The book then asks to find sin (T/2). The book then draws a triangle in Quadrant III. OK, so far so good. Quadrants must be kept in mind since we need to choose signs of square roots, fair enough.

However the books states that you must watch the domain and that it must be halved. 180/2 < T < 270/2. I understand that in certain situations that would be true, like say half of 120 would change the quadrant, but visually, if you have an acute angle in Quad III , and halve that, it will still be in Quad III. In fact you could keep halving it and at no point would it leave Quadrant III! The Initial side of an angle is by definition is the x-axis right? So to halve the domain doesn't make sense to me in the case of acute angles.

However, the book says that after halving the domain you end up with 90 < T < 135, and that the terminal side of the angle therefore lies in Quadrant II and picks a positive value for sin for the new angle? The book doesn't draw the new triangle with half the original angle by the way. What am I missing? Any help would be appreciated.

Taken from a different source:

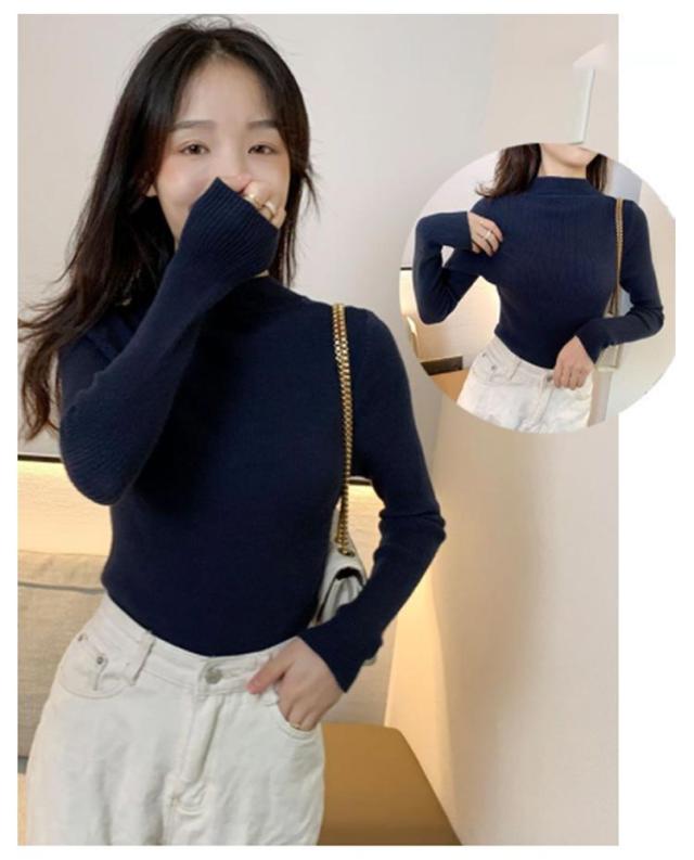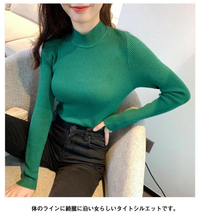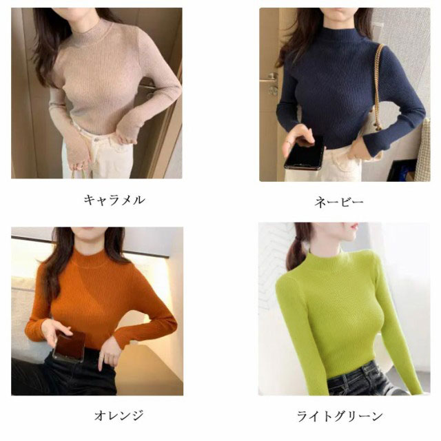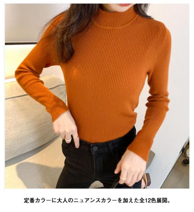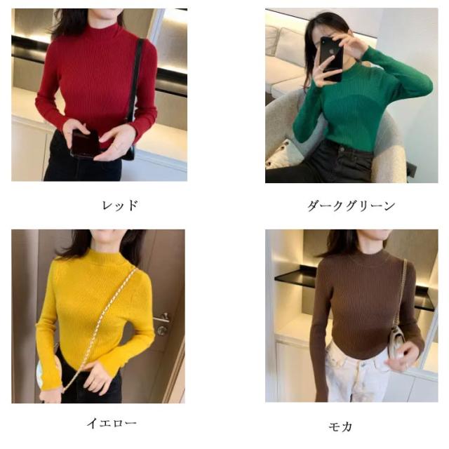 全12色×8サイズ!モックネック ニット セーター インナートップス リブニット レディース リブ ハイネックニット 長袖 ハイネック ニットトップス リブ 無地ニット プルオーバー ハーフハイネック 秋 冬

edit: pretty sure it's just a mistake in the book, right? Wouldn't be the first one I've spotted, just little things where the sign of something is off.

 

[mmm4444bot]

… The book then draws a triangle in Quadrant III …

That is a reference triangle. It does not contain your angle T in QIII. Reference triangles contain a copy of their QI counterpart. We use reference triangles as models because trig values in other quadrants match the corresponding values from QI, except possibly for sign.

You know symbol T represents only one angle, the terminal side of which is located in QIII. Yet, we're discussing two particular angles in this exercise, located in QI and QIII. I will use symbols T1 and T3, respectively.

(In other words, symbols T and T3 each represent the same angle.)

Think of angle 0° in standard position. Now visualize the terminal ray rotating counterclockwise. It reaches angle T1.

The angle continues increasing; the terminal ray passes through the remainder of QI, crosses the positive vertical axis, passes through QII, crosses the negative horizontal axis, and rotates within QIII until it reaches T3.

Again, T1 is in QI and T3 is in QIII.

Now, where do you think the terminal ray will be, if it rotates from 0° only halfway to T3?

… The calc says angle T is about 28 degrees by the way …

We always need to interpret what machines tell us. Don't be fooled!

You're told that angle T is located in QIII. It cannot be "about 28 degrees".

… However, the book … picks a positive value for sin for the new angle?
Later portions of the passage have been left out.